The fact remains, on paper, the Spartans are a 13-2 team whose only two losses came to two very good teams, but at the same time struggled in games against weaker opponents such as Chicago State and Belmont.

So many might be wondering if the Spartans even have a chance against the Big Ten's elite, such as Ohio State, Wisconsin, and always a Spartan killer, Illinois.

In a complex and extended answer, the Spartans have a great chance at competing for a Big Ten title.

Granted many things have to fall in place.
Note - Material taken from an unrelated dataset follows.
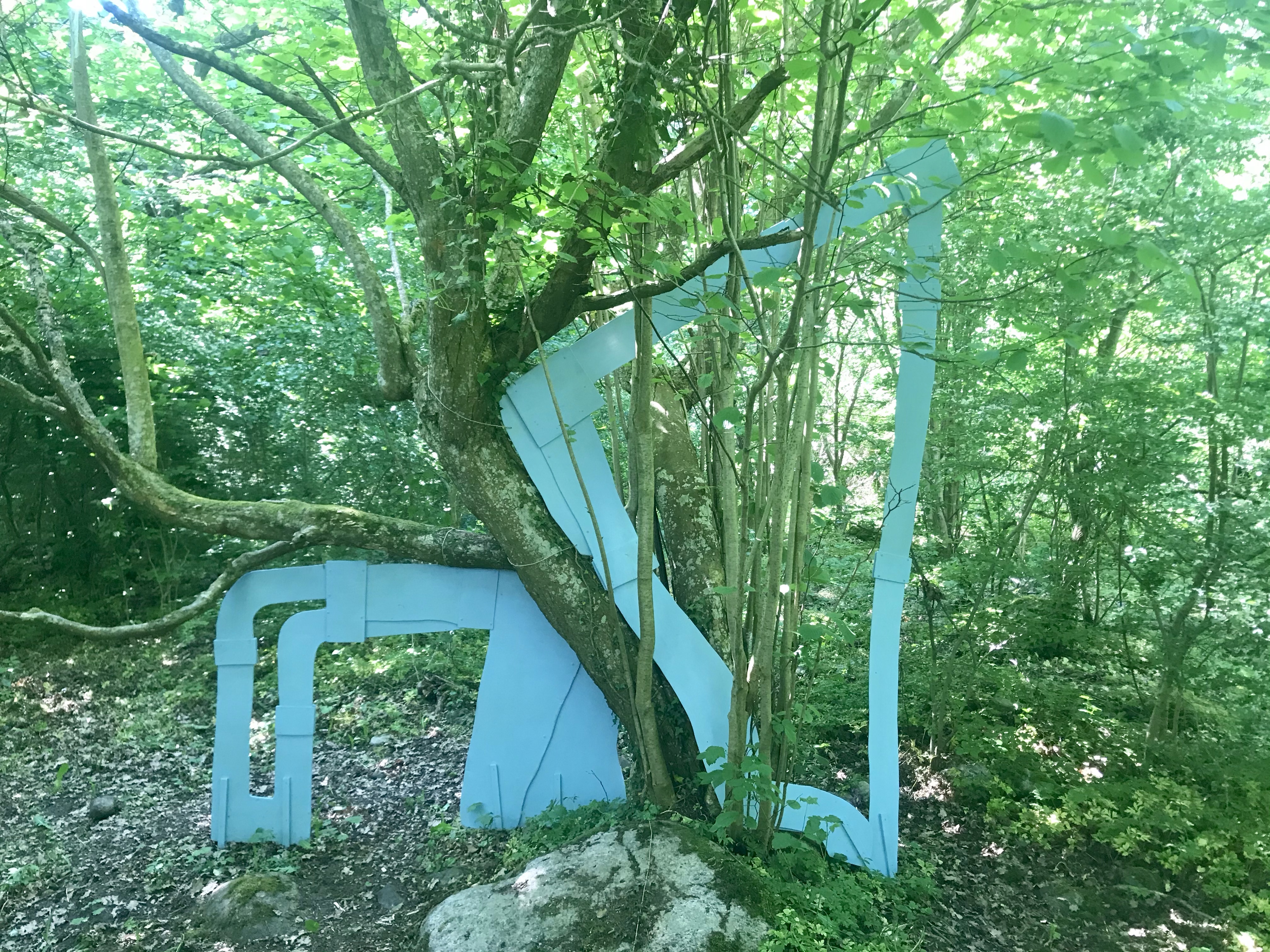 Vi besöker konstutställning vid Tjörnedala och tycker det är en ojämn match. Det är inget fel på konsten.

It is certain that Izzo has had his team doing extra drills in practice over the holidays on holding on to the ball.

The Spartans need to show toughness and emotion out on that court and chase after every loose ball like it meant the game.

Eating up every rebound on the glass is crucial for success against bigger teams, like Greg Oden at Ohio State,

While Izzo had plenty of offense on last year's team, they seemed to forget how to play defense at times and play one-dimensional basketball.

One year later and about to start another quest for that Big Ten conference title, the first regular season title since 2000, Izzo has a great mix of young players that play strong and hard on both ends of the court.

Izzo's past teams have made noise by surprising people not only in the Big Ten but in the national media.

There is a reason that Michigan State has made four Final Fours in the last eight years and it is a good bet that Tom Izzo will have his team prepared to play on Thursday in Michigan State's Big Ten opener at Iowa, because of that reason.

Overall, the defense is there, the shooters are there, and now it is time to see if this Spartan team can pull together and play with the passion and determination it takes to win a Big Ten title.